The tools performs the following steps:
- Parse tool GitHub repository from Planemo monitor listed
- Check in each repo, their
.shed.yaml
file and filter for categories, such as metagenomics - Extract metadata from the
.shed.yaml
- Extract the requirements in the macros or xml to get version supported in Galaxy
- Check available against conda version
- Extract bio.tools information if available in the macros or xml
- Check available on the 3 main galaxy instances (usegalaxy.eu, usegalaxy.org, usegalaxy.org.au)
- Get usage statistics form usegalaxy.eu
- Creates an interactive table for all tools: All tools
- Creates an interactive table for all registered communities, e.g. microGalaxy
Usage
Prepare environment
-
Install virtualenv (if not already there)
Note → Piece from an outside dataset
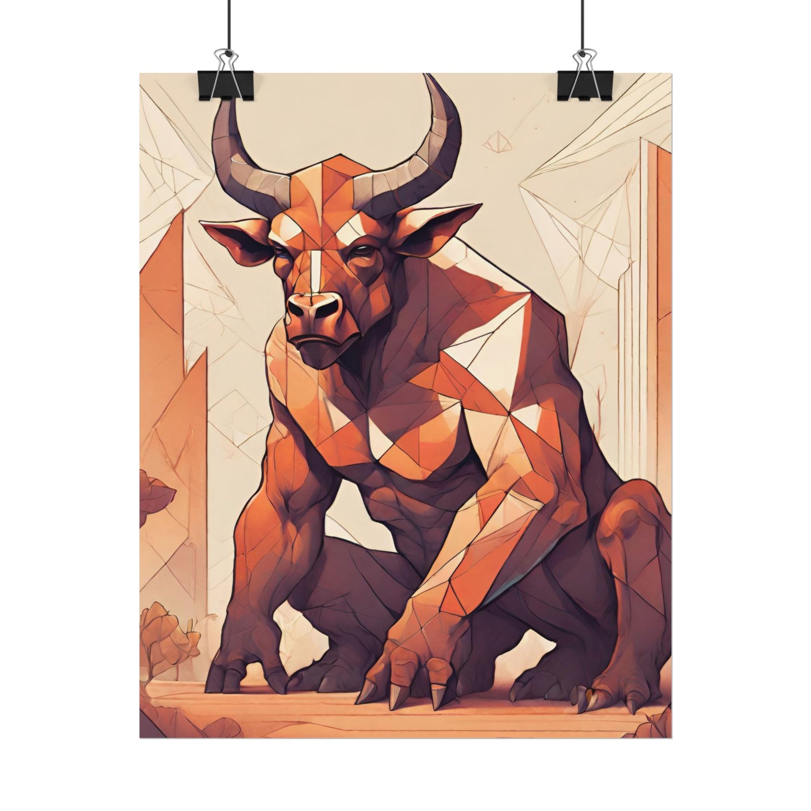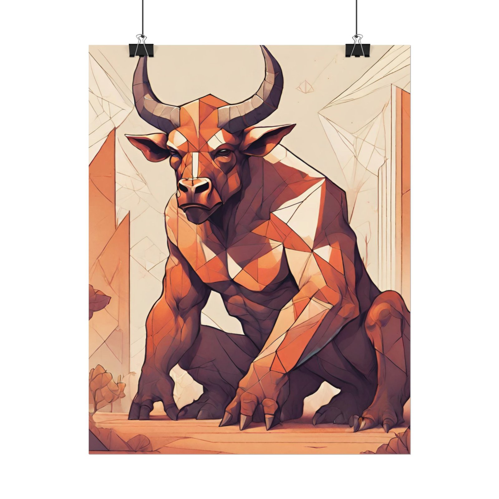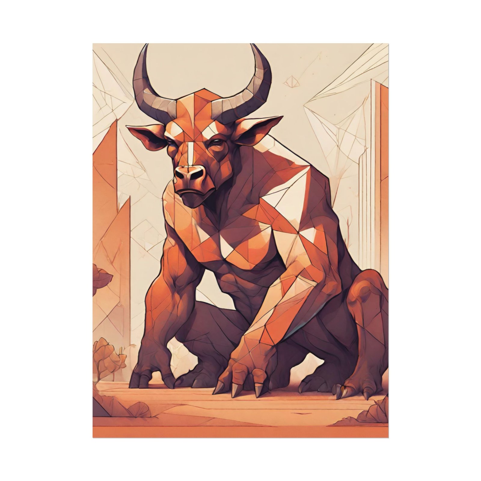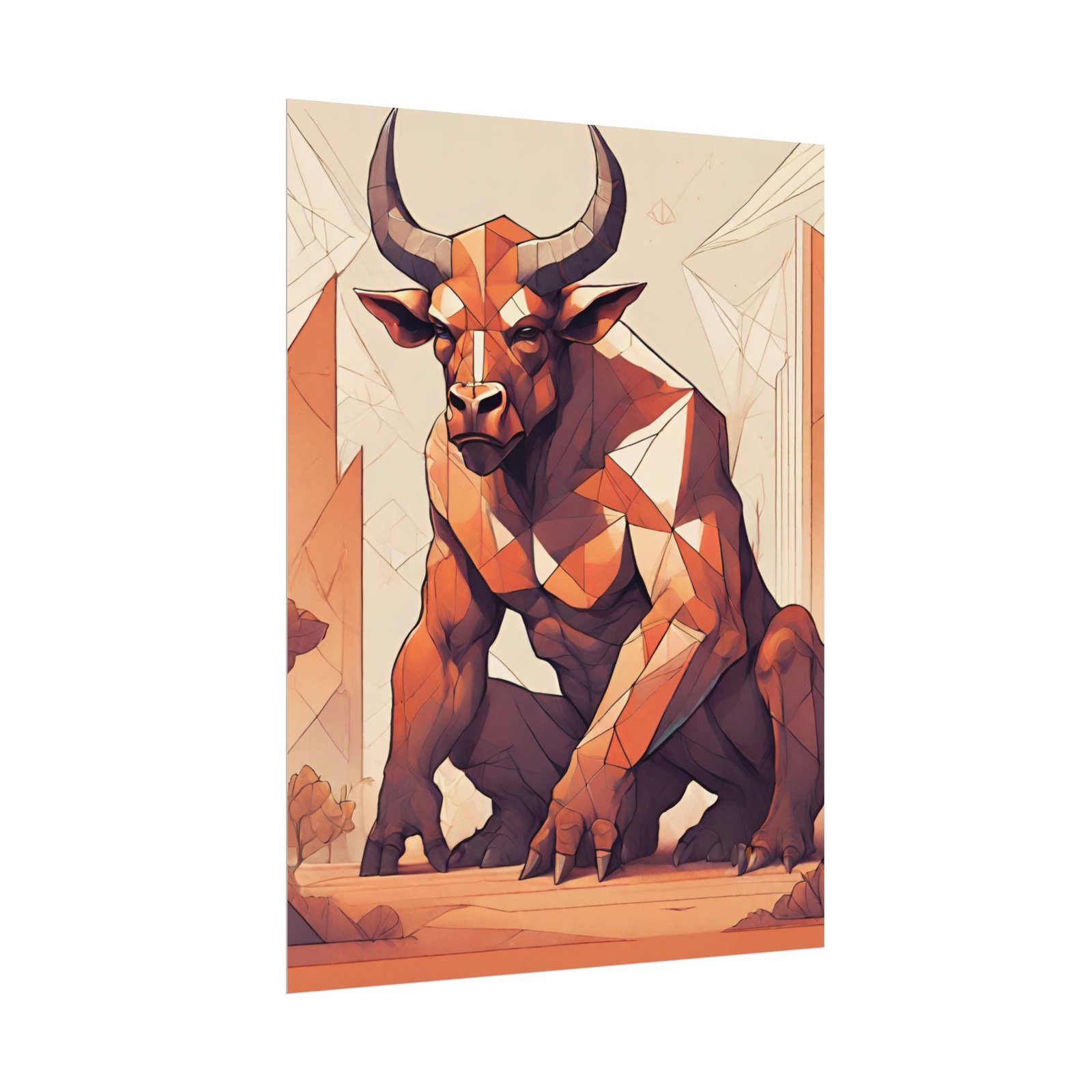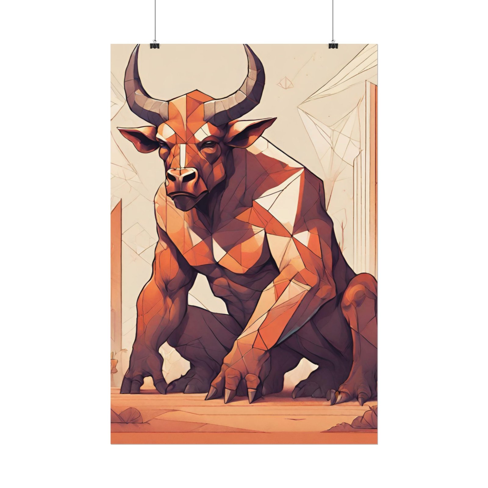 This geometrical Minotur poster brings a unique and edgy vibe to any room. Perfect for fans of urban or architectural design, this poster can be a conversation starter or a statement piece in your home decor. Ideal for Halloween or Gothic-themed parties, this poster is a must-have for those who love dark aesthetics.

$ python3 -m pip install --user virtualenv
-
Create virtual environment
$ python3 -m venv env
-
Activate virtual environment
$ source env/bin/activate
-
Install requirements
$ python3 -m pip install -r requirements.txt
Extract all tools
-
Get an API key (personal token) for GitHub
-
Export the GitHub API key as an environment variable:
$ export GITHUB_API_KEY=<your GitHub API key>
-
Run the script
$ python bin/extract_all_tools.sh
The script will generate a TSV file with each tool found in the list of GitHub repositories and metadata for these tools:
- Galaxy wrapper id
- Description
- bio.tool id
- bio.tool name
- bio.tool description
- EDAM operation
- EDAM topic
- Status
- Source
- ToolShed categories
- ToolShed id
- Galaxy wrapper owner
- Galaxy wrapper source
- Galaxy wrapper version
- Conda id
- Conda version
Filter tools based on their categories in the ToolShed
-
Run the extraction as explained before
-
(Optional) Create a text file with ToolShed categories for which tools need to be extracted: 1 ToolShed category per row (example for microbial data analysis)
-
(Optional) Create a text file with list of tools to exclude: 1 tool id per row (example for microbial data analysis)
-
(Optional) Create a text file with list of tools to really keep (already reviewed): 1 tool id per row (example for microbial data analysis)
-
Run the tool extractor script
$ python bin/extract_galaxy_tools.py \ --tools <Path to CSV file with all extracted tools> \ --filtered_tools <Path to output CSV file with filtered tools> \ [--categories <Path to ToolShed category file>] \ [--excluded <Path to excluded tool file category file>]\ [--keep <Path to to-keep tool file category file>]
Add your community
In order to add your community you need to:
- Fork this repository.
- Add a folder for your community in
data/communities
. - Add at least the file
categories
. - Add all
categories
that are relevant to initially filter the tools for your community. Possible categories are listed here Galaxy toolshed. - Make a pull request to add your community.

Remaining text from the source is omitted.